Bütün köyde davullar, zurnalar çalıyordu. Köy ahalisi en şık elbiselerini giymiş kimi kahvede kimi ise meydan denilen ufacık alanda toplanmıştı. Hepsinin yüzü gülüyordu, kolay değildi kaç insan ömrü boyunca bir ağanın düğününe denk gelirdi ki? Ağa dedikleri de kendilerinden genç, bıyıkları yeni yeni terleyen bir delikanlıydı. Babası ölünce bütün topraklar ona kalmıştı. Bir gün sahibi olduğu toprakları incelemeye geldiğinde köyde gördüğü bir kıza vurulmuştu. Hemen emrini vermişti, o kızı alacaktı. Hem istediğiyle olacak hem de kendi toprağından bir kızla evlenerek kendi içlerindeki töreye uyacaktı. Ağanın verdiği emir baş üstüne edilince hemen kızın ailesine durum bildirildi. Tarihler belirlendi. Hazırlıklar yapıldı. Kız isteme mi? Koca ağa kız ister miydi hiç? Kızın ve ailesinin isteği sorulur muydu hiç? Koca ağa kıza talip olmuş aile düşünecekmiş… Yok artık! Töreye aykırı olurdu, tarlaları elinden alınır, iki göz oda evi başlarına yıkılırdı.

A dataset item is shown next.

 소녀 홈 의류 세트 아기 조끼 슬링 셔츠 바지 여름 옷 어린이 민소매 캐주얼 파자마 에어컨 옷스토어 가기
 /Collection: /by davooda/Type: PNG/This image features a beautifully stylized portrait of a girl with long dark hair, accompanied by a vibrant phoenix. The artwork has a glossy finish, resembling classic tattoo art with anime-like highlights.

Ağanın düğün alanına gelmesiyle düğün vaktinin geldiğini anladı köylüler ve ağanın etrafına toplandılar. Köyün yaşlılarından biri ağanın koluna girerek adetlerin yerini bulması için köylülerle birlikte oynaması ve eğlenceye katılması gerektiğini söyledi. Ağa da ‘’Tamam’’ dercesine başını salladı. Ağanın etrafında toplanan köylüler kol kola girip halaya başladılar.

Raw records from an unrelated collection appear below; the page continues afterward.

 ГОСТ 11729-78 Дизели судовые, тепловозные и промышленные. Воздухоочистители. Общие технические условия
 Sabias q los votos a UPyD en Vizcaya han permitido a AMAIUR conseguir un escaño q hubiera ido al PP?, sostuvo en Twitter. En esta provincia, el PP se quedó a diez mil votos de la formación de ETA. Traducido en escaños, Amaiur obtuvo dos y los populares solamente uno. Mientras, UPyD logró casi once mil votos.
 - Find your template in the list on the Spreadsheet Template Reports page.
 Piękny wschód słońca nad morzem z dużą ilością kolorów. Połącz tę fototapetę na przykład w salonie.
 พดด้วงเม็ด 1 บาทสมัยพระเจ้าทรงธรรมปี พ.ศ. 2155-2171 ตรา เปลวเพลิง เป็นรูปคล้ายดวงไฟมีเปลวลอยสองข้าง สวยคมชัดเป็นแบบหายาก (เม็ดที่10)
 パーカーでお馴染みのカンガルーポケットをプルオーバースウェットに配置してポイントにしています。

Gelin evindeki hazırlık son hızıyla devam ediyordu. Hazırlık dediğime bakmayın bir panik hâkimdi. Herkes de bir koşuşturmaca, bir mutluluk vardı. Gelin hariç. Yanına yaklaşan çocukluk arkadaşı ‘’Ne bu surat bakayım? Gül biraz, koca ağaya gelin oluyorsun. Bir kız daha ne ister ki?’’ dedi. Gelin daha önce ağlamaktan kızarmış gözleriyle en yakın arkadaşına bakarak ‘’Sen hiç istemediğin bir şeyi yaptın mı? Yaptın diyelim buna zorlandın mı? Ya da bunların hepsini boş verelim ağa denilen çocuğun adını biliyor musun? Kim olduğunu? Ne yaptığını?’’ arkadaşı susarak boynunu yere doğru eğdi ve gelinin yanından uzaklaştı.

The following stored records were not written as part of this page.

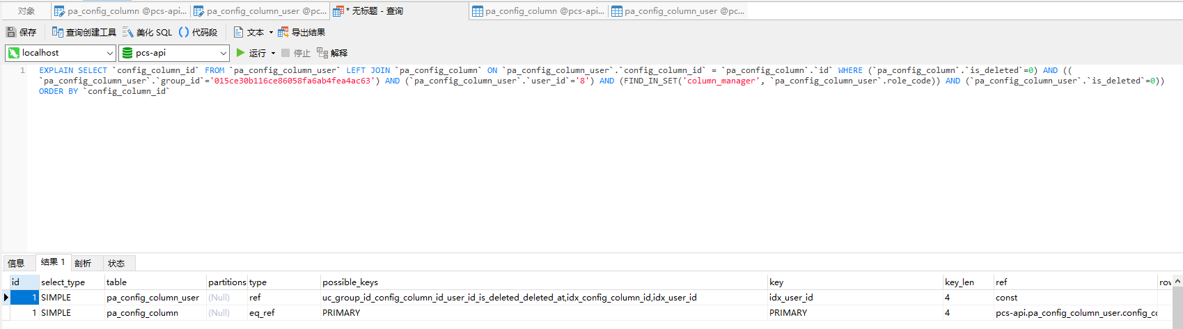 4、删除索引:idx_group_id 后,在 pa_config_column_user 表中,type 的值 从 index_merge 变化为 ref,性能提升明显
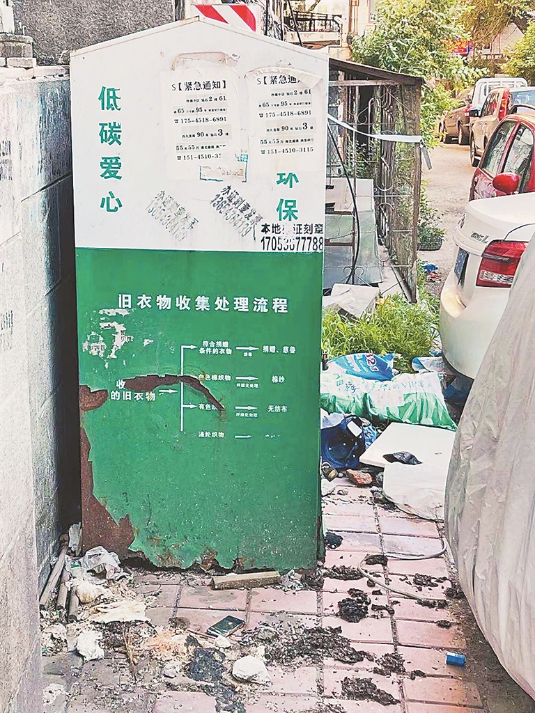 18日上午,记者来到元士街金华大厦西北门前,发现此处有一个绿色旧物回收箱,在箱子周围堆积一定量的垃圾及粪便。“天气越来越热,这味道也是越来越大,希望能尽早处理一下,要不然实在是太不卫生了。”王女士表示。
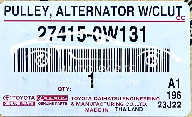 Puly máy phát Toyota Camry, Innova, Fortuner, Land Cruiser Prado máy 2TR (Mã: 27415-0W131 / 274150W131) là phụ tùng chính hãng, được lắp trên đầu máy phát điện (alternator), có nhiệm vụ truyền động từ dây curoa để máy phát hoạt động ổn định.
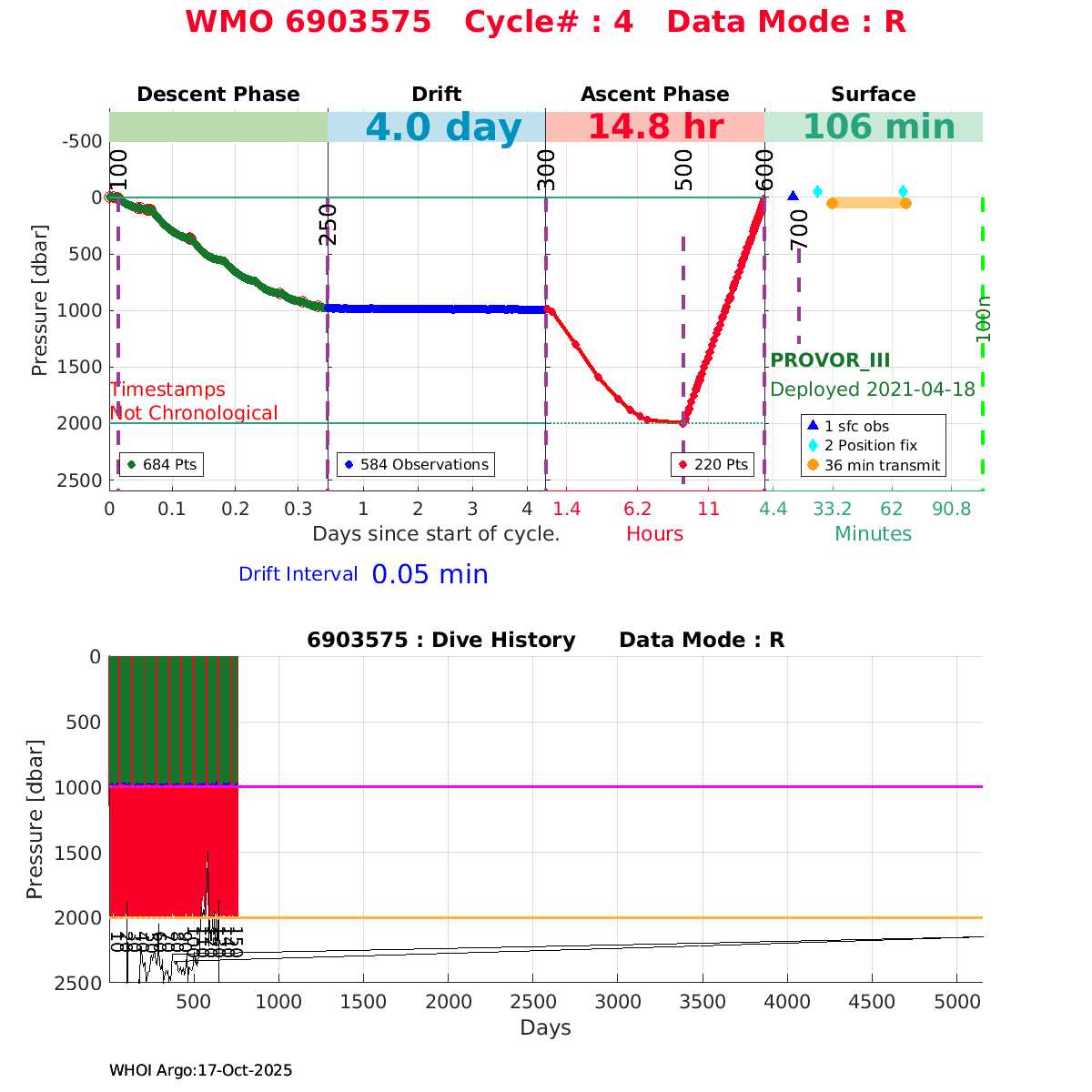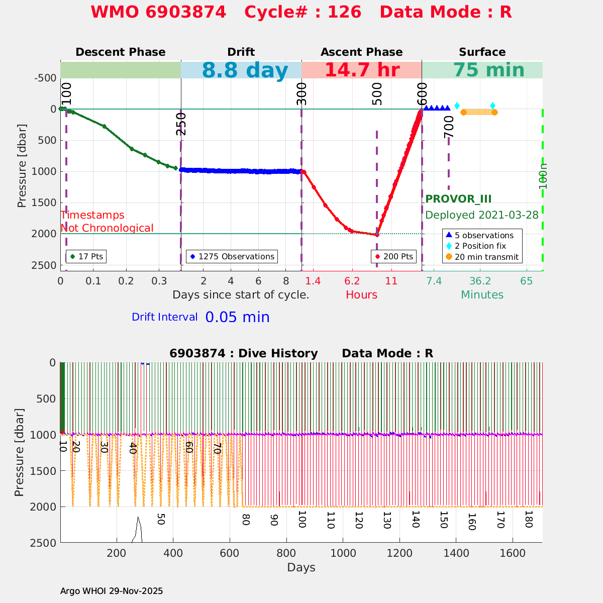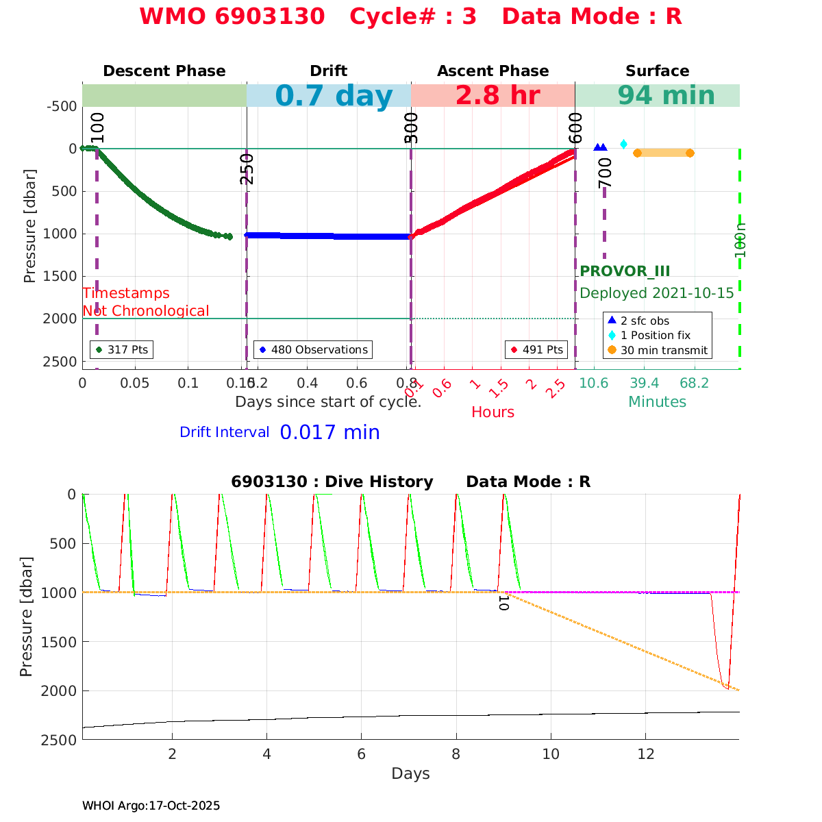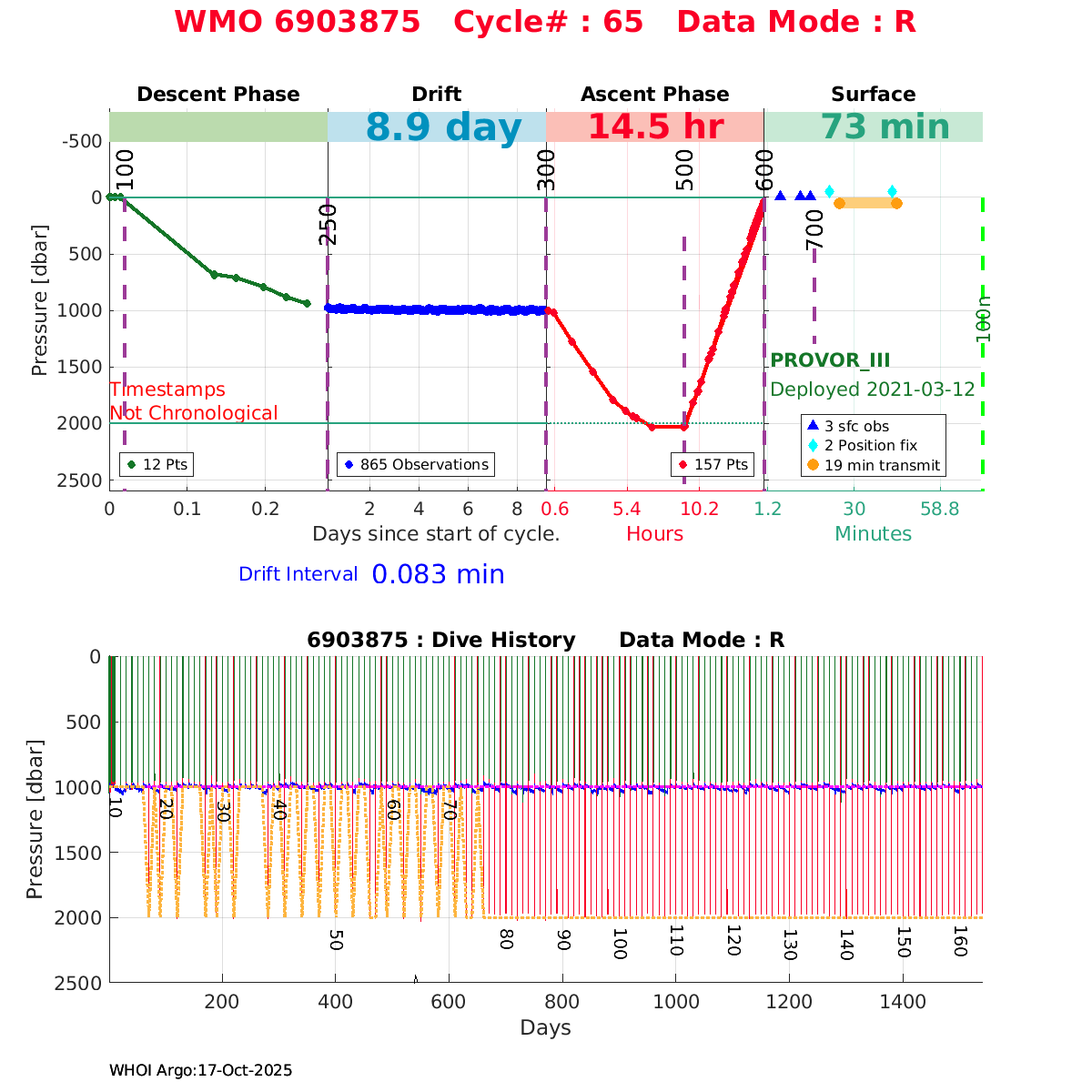 | WMO: #6903805 DAC: coriolis PI: Elena MAURI PROVOR_III: # DRUCK_2900PSIA: #11496676 SBE41CP: #12944 AANDERAA_OPTODE_4330: #3237 SATLANTIC_OCR504_ICSW: #2050 ECO_FLBBCD: #6089 SUNA_V2: #NTR-1446 SEAFET: #10581 Altimeter Comparison (IFREMER) EuroArgo Link | ![]() |

Ağanın öncülüğünü yaptığı halay devam etmekteydi fakat ağa yorulmuştu. İzin isteyerek ona özel kurulan sofraya oturdu. Bacak bacak üstüne attı, cebinden çıkardığı pahalı mendiliyle terini sildi. Etrafı izlemeye başladı. Yanına gelen yardımcısına gelinin gelmesini ve düğünün başlamasını emretti. Yardımcısı hızlı adımlarla muhtarın yanına varıp, durumu belirtti. Muhtar koşar adımlarla kız evine girdi. Durumu bildirdi. Evde herkes panik ve telaş içinde tamam deyip, gelini alkışlarla dışarı çıkardılar.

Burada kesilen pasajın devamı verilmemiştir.